Task prompt:
Exact copies of the lines below are the goal; any images in them are dropped.
Segment Start: Data provided
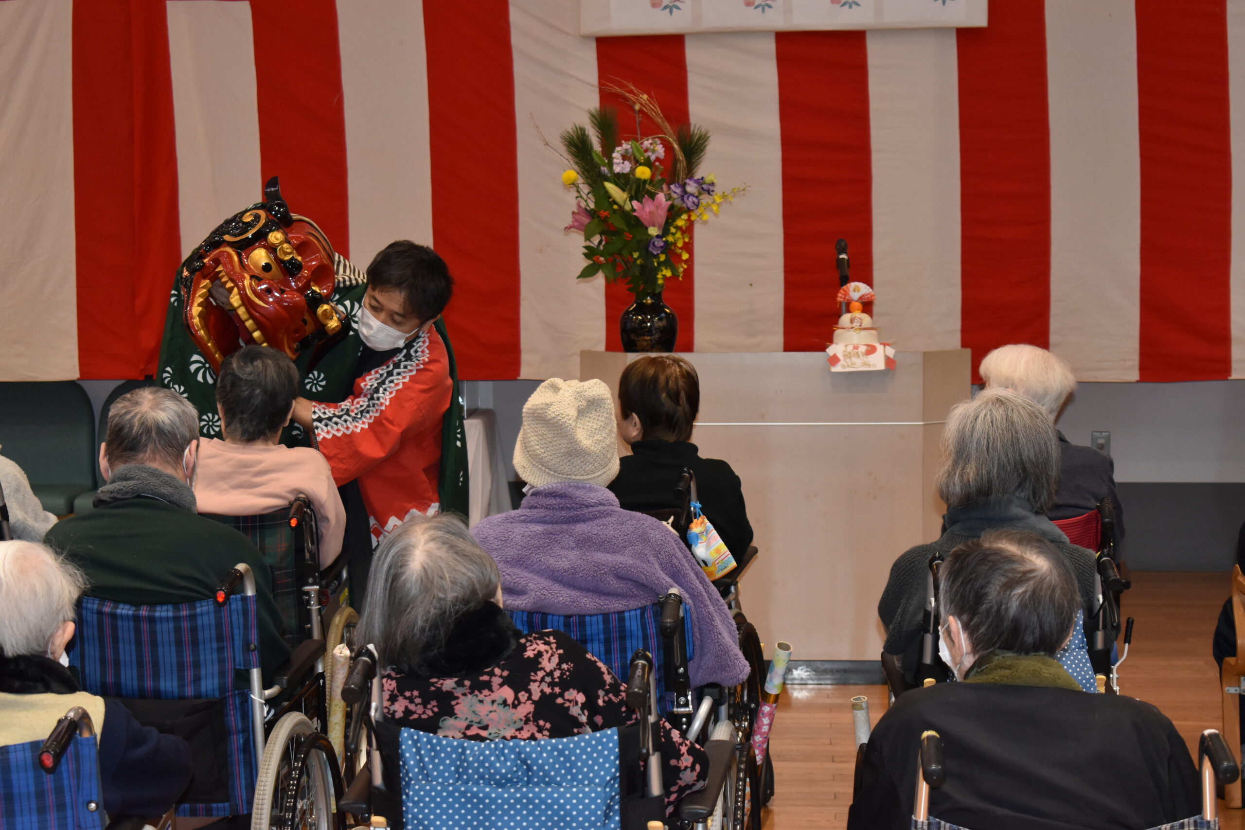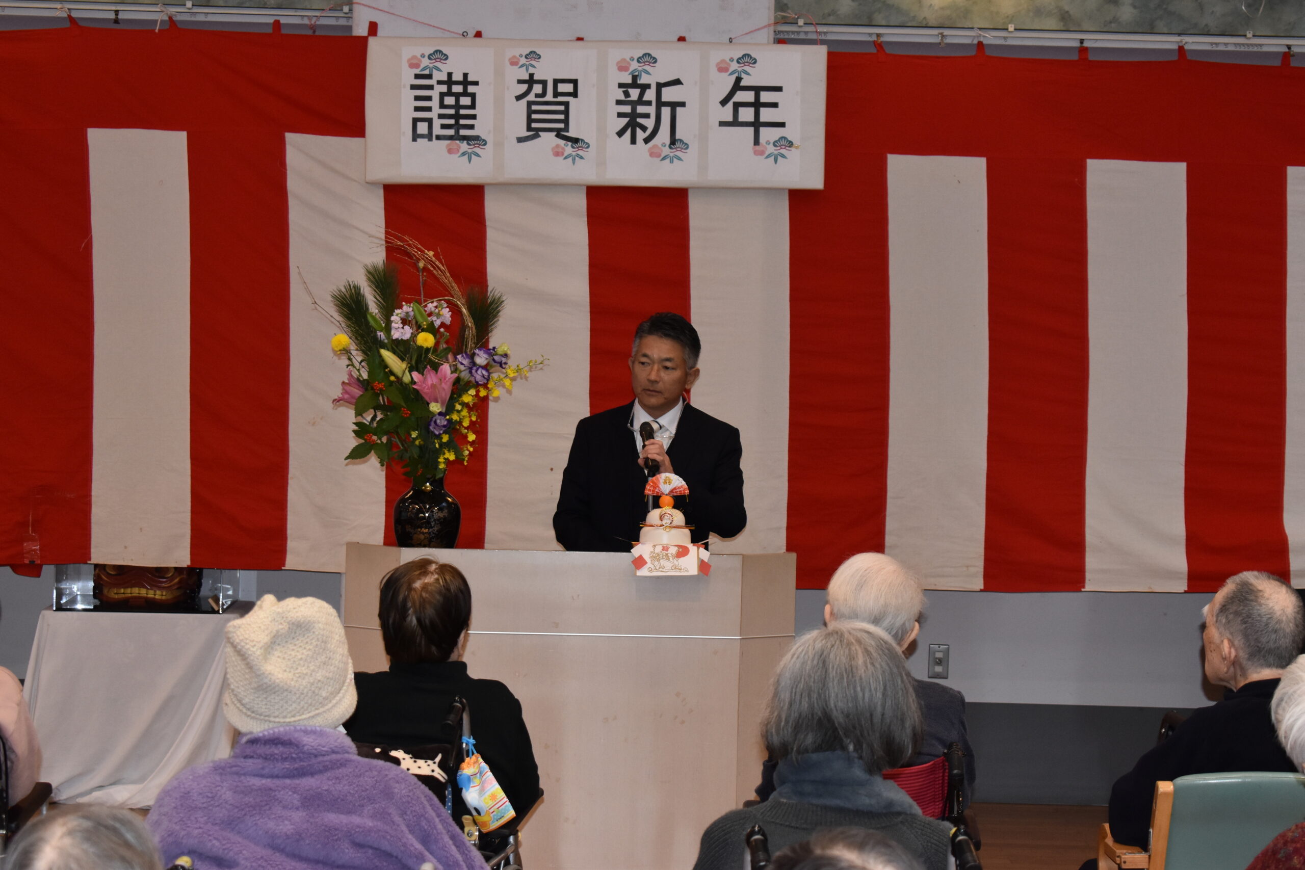 令和8年午年・新年祝賀会 2026年1月11日2026年1月1日 浅野倉栄理事長兼施設長より年頭のご挨拶 法人本部統括事務長よりご挨拶 獅子舞で邪気を祓い、参加者全員で「一月一日」、「富士山」を歌いお開きとしました。 おすすめの記事一覧新型コロナウイルス感染症に関するご報告(第七報)秋祭り5月5日お客様の義歯に名前が入りました今年も月下美人が咲きました新型コロナウイルス感染症に関するご報告(第三報)
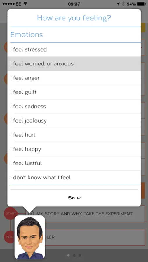 In the App, your personal Avatar also asks you how you are feeling in that moment, e.g. Are you feeling stressed? Are you feeling tired? Are you feeling angry? And then based on your response, the app finds short exercises and suggestions to suit your mood, to help you come back to a place of peace and calm
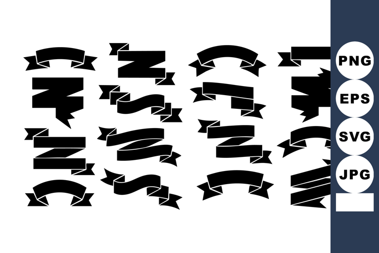 This vector file shows multiple black ribbon banners in different shapes and styles for graphic design and decoration, presenting a classic look.
Segment End: Data provided
Exercise output:
 令和8年午年・新年祝賀会 2026年1月11日2026年1月1日 浅野倉栄理事長兼施設長より年頭のご挨拶 法人本部統括事務長よりご挨拶 獅子舞で邪気を祓い、参加者全員で「一月一日」、「富士山」を歌いお開きとしました。 おすすめの記事一覧新型コロナウイルス感染症に関するご報告(第七報)秋祭り5月5日お客様の義歯に名前が入りました今年も月下美人が咲きました新型コロナウイルス感染症に関するご報告(第三報)
 In the App, your personal Avatar also asks you how you are feeling in that moment, e.g. Are you feeling stressed? Are you feeling tired? Are you feeling angry? And then based on your response, the app finds short exercises and suggestions to suit your mood, to help you come back to a place of peace and calm
 This vector file shows multiple black ribbon banners in different shapes and styles for graphic design and decoration, presenting a classic look.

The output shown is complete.